1 Billion Reasons To Buy Buffett’s #1 Stock
While Buffett’s massive cash pile of nearly $300 billion on the books at Berkshire Hathaway has been making waves, what few are paying attention to is how much he’s actually earning on that money every day, week or month.
It turns out Buffett is raking in just shy of a cool billion dollars each and every month just from interest earnings on his war chest. Over the course of the next year, with compounding, he’ll likely take in a full $12 billion.
Even more remarkably is this is the number earned only on cash parked in Treasury bills, which doesn’t even represent his full liquid reserves. So what’s Buffett going to do with all that money?
Key Points
- Berkshire Hathaway earns nearly $1 billion monthly from interest on its $276.9 billion cash reserve, totaling $12 billion annually.
- The cash reserve acts as a protective moat, allows for share buybacks, and provides flexibility to buy underpriced assets during market downturns.
- Buffett needs to find large-scale investment opportunities to deploy the rapidly accumulating cash.

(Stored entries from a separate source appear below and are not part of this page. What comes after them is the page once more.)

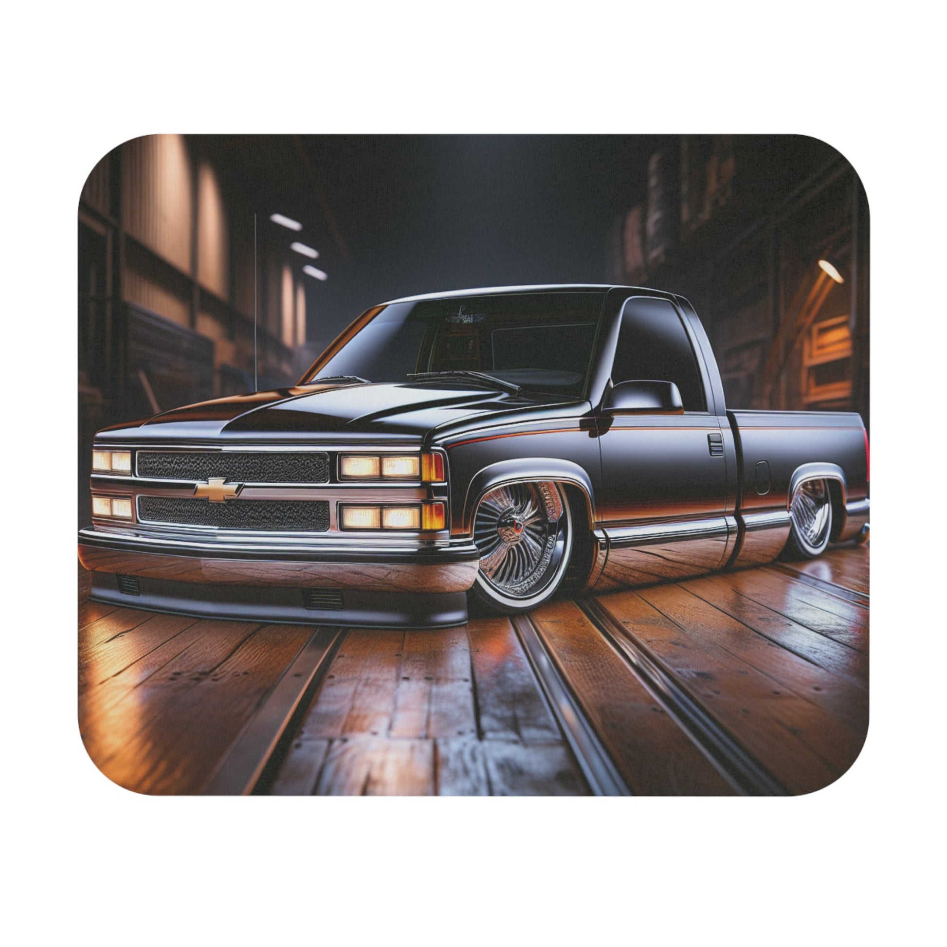 This rectangular mouse pad features a lowered 1997 Chevy Truck design, adding a touch of nostalgia and vintage style to your workspace. Perfect for truck enthusiasts and vintage car lovers. Ideal for gifting on Father's Day, birthdays, or as a thoughtful gesture for someone who loves classic vehicles.
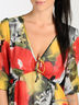 Платье из нежной струящейся ткани, двухслойное. V-образный вырез завязывается на 2 тонких шнурка. Под грудью проходит резинка. Рукава 3/4 присборены на манжетах.
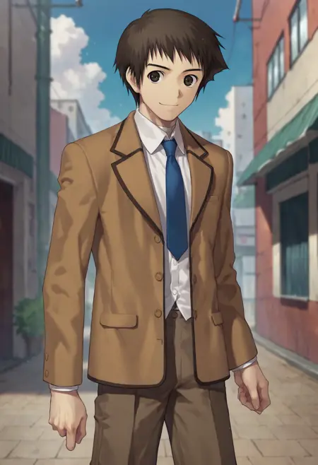 1boy soujuurou shizuki, brown jacket white shirt school uniform brown pants blue necktie
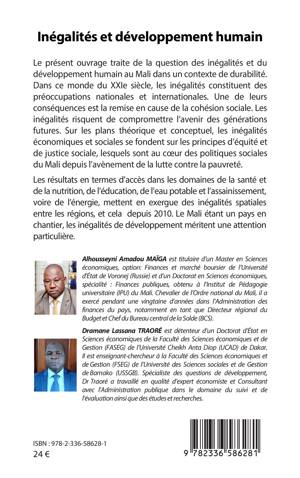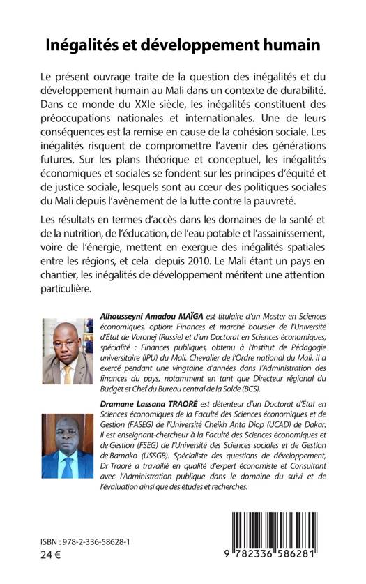 Le présent ouvrage traite de la question des inégalités et du développement humain au Mali dans un contexte de durabilité. Dans ce monde du XXIe siècle, les inégalités constituent des préoccupations nationales et internationales. Une de leurs conséquences est la remise en cause de la cohésion sociale. Les inégalités risquent de compromettre l'avenir des générations futures. Sur les plans théorique et conceptuel, les inégalités économiques et sociales se fondent sur les principes d'équité et de justice sociale, lesquels sont au coeur des politiques sociales du Mali depuis l'avènement de la lutte contre la pauvreté. Les résultats en termes d'accès dans les domaines de la santé et de la nutrition, de l'éducation, de l'eau potable et l'assainissement, voire de l'énergie, mettent en exergue des inégalités spatiales entre les régions, et cela depuis 2010. Le Mali étant un pays en chantier, les inégalités de développement méritent une attention particulière.
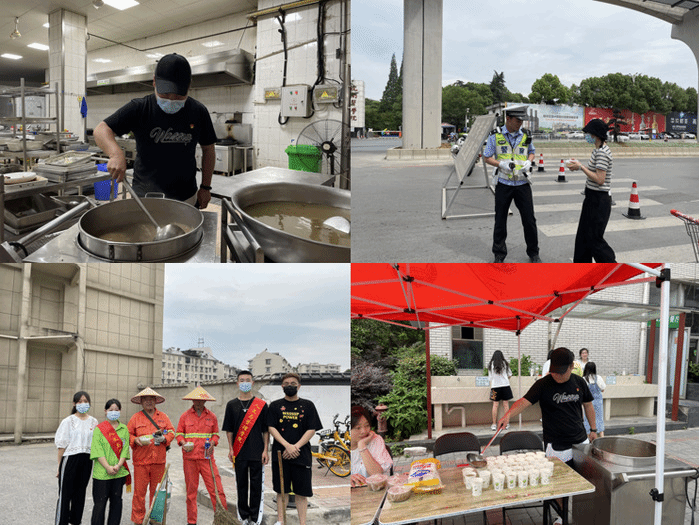 6月8日下午,学生第一党支部开展了“走一线,办实事——慰问环卫、安保人员暨爱心助考”慰问活动。中午13:30,参加活动的学生党员们在食堂集合,和食堂工作人员一起熬煮并打包绿豆汤,慰问小组于15:30从学校出发,先后前往校园保卫岗、侨鸿广场环卫工人点以及轻轨线路铺设工地给保安、环卫人员以及工人送去解暑物品和绿豆汤,他们纷纷表示感谢。正式开展活动前,支部党员代表已与安师大附中考点爱心助考交警进行交流,在确认不打扰交警的正常工作、不影响高考的情况下展开爱心助考活动。小组沿银湖南路对执勤交警进行慰问活动,同时也与考场外的考生家长进行亲切交流,帮助家长缓解焦虑情绪,为他们送去解暑物品。
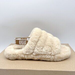 UGG Fluff Yeah Genuine Shearling Platform Slingback Sandal Slide Black US 6
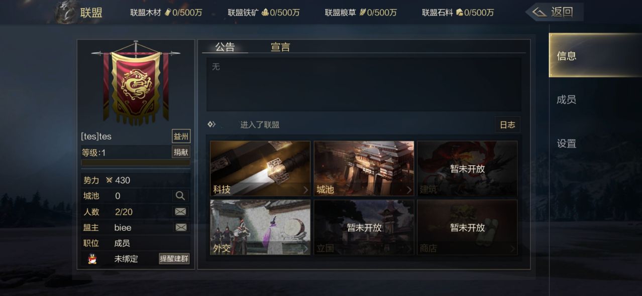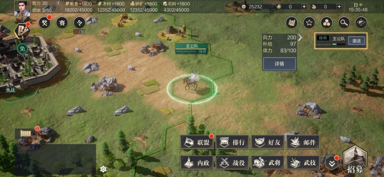 完成新手引导和任务后,就是发展和扩张,趁着新手保护期多占地,多积累资源,一边熟悉游戏玩法一边寻找加入合适的同盟。
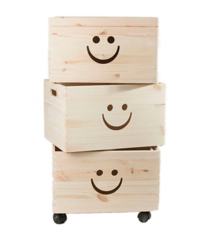 Pine Wood Toy Storage Boxes Kids Children Room Wooden Box Handles PACK OF THREE

Buffett’s Cash Is a Call Option
With a market capitalization closing in on a trillion dollars, Buffett’s war chest of $276.9 billion serves many purposes. For one it acts as a wide moat that protects the company in the event of weakening operations across the various businesses owned. It also provides a deep reserve that Buffett can tap into in order to repurchase shares. Over the past 6 years alone, he has bought back almost $80 billion of stock.

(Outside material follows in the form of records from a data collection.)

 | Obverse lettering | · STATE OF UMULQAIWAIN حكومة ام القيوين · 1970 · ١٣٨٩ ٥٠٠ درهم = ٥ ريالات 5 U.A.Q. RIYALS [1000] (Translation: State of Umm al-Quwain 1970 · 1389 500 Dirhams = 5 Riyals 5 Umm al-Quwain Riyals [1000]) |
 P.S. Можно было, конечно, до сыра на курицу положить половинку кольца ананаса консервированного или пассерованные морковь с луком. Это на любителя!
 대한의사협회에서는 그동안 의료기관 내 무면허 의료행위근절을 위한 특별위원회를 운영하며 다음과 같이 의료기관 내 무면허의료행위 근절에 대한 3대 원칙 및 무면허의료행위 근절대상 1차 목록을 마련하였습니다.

But perhaps the most intriguing aspect of the cash is how it serves as a virtual call option, providing enormous flexibility to the Oracle of Omaha to snap up deals when they crop up.
If the recent volatility teaches anything it’s that the unexpected can happen almost out of the blue at any time. And when Rome burns, as it did during the 2008-09 period when prestigious investment banks and aggressive mortgage lenders were on the verge of bankruptcy, Buffett has the deep reserves of liquidity to step in and buy underpriced assets.
So too now will his ample supply of cash offer him the optionality to buy up distressed assets or simply those that are discounted by the market in a heartbeat. The ability to move fast when buying up such deals is a strategic advantage, and one that Buffett has famously capitalized on time and again.
What Will Buffett Do With All That Cash?
Buffett has a remarkable problem on his hands which is that Berkshire is almost producing too much cash to deploy fast enough. As a result, Berkshire’s cash pile now represents close to 4% of the entire bills in the Treasury market, so as Elon Musk said, he essentially is the new de facto Federal Reserve who can act as the lender of last resort. Of course, it’s a slight exaggeration as the Fed can turn on the money-printing spigots without limit but it’s not far off.
Berkshire not only is generating $1 billion monthly from interest alone but it’s also earning massive amounts from its combined operations. At last count, the total was $9 billion in levered free cash flows in the past quarter.
With $4 billion monthly produced through interest and cash flows, Buffett has the problem few of us will ever face; how to invest cash as rapidly as it’s earned.
Right now, he’s going to need to, as he describes in his own words, go elephant hunting. He needs a giant company to go on sale in order to deploy that cash because picking off the jackals and hyenas, aka small companies, simply won’t do.
It’s not worth his time and won’t move the needle whatsoever to buy small-cap firms trading at a discount, he needs to buy the giant Fortune 500 ones that can generate an outsized return. But make no mistakes about it, that cash pile provides the optionality to do just that at a time when fear hits extreme levels, asset prices have crashed and he can move swiftly.